Print the lines in the listing below that fall between the line with "your total autonomy." and the line with "Parts for Whirlpool", those two lines included, exactly as they stand and with nothing else.
RECORDS FOR THE TASK Start Marker
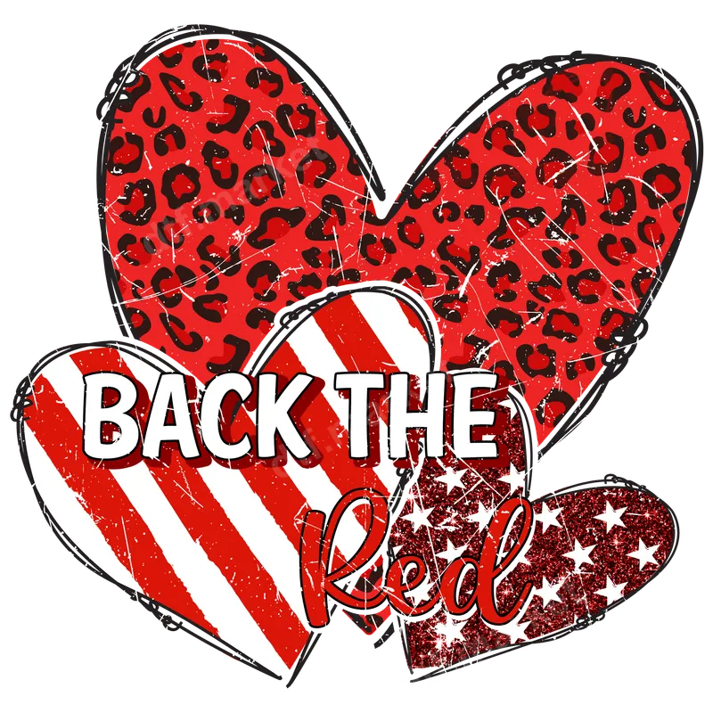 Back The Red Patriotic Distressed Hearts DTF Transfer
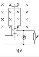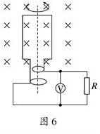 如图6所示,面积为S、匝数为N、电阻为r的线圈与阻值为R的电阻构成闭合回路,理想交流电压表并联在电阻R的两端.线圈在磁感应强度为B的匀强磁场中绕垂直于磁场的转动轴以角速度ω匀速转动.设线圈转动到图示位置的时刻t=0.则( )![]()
RECORDS FOR THE TASK End Marker
RECORDS FOR THE TASK Start Marker
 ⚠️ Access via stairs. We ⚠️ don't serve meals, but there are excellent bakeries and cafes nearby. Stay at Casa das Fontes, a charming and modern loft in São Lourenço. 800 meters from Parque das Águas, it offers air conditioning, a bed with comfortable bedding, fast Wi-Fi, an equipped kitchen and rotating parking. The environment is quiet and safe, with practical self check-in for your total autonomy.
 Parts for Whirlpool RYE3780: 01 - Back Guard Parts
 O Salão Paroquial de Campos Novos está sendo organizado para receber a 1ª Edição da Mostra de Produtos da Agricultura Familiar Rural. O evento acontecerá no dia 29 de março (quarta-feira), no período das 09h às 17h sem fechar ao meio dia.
RECORDS FOR THE TASK End Marker
◆ FINAL ANSWER
 ⚠️ Access via stairs. We ⚠️ don't serve meals, but there are excellent bakeries and cafes nearby. Stay at Casa das Fontes, a charming and modern loft in São Lourenço. 800 meters from Parque das Águas, it offers air conditioning, a bed with comfortable bedding, fast Wi-Fi, an equipped kitchen and rotating parking. The environment is quiet and safe, with practical self check-in for your total autonomy.
 Parts for Whirlpool RYE3780: 01 - Back Guard Parts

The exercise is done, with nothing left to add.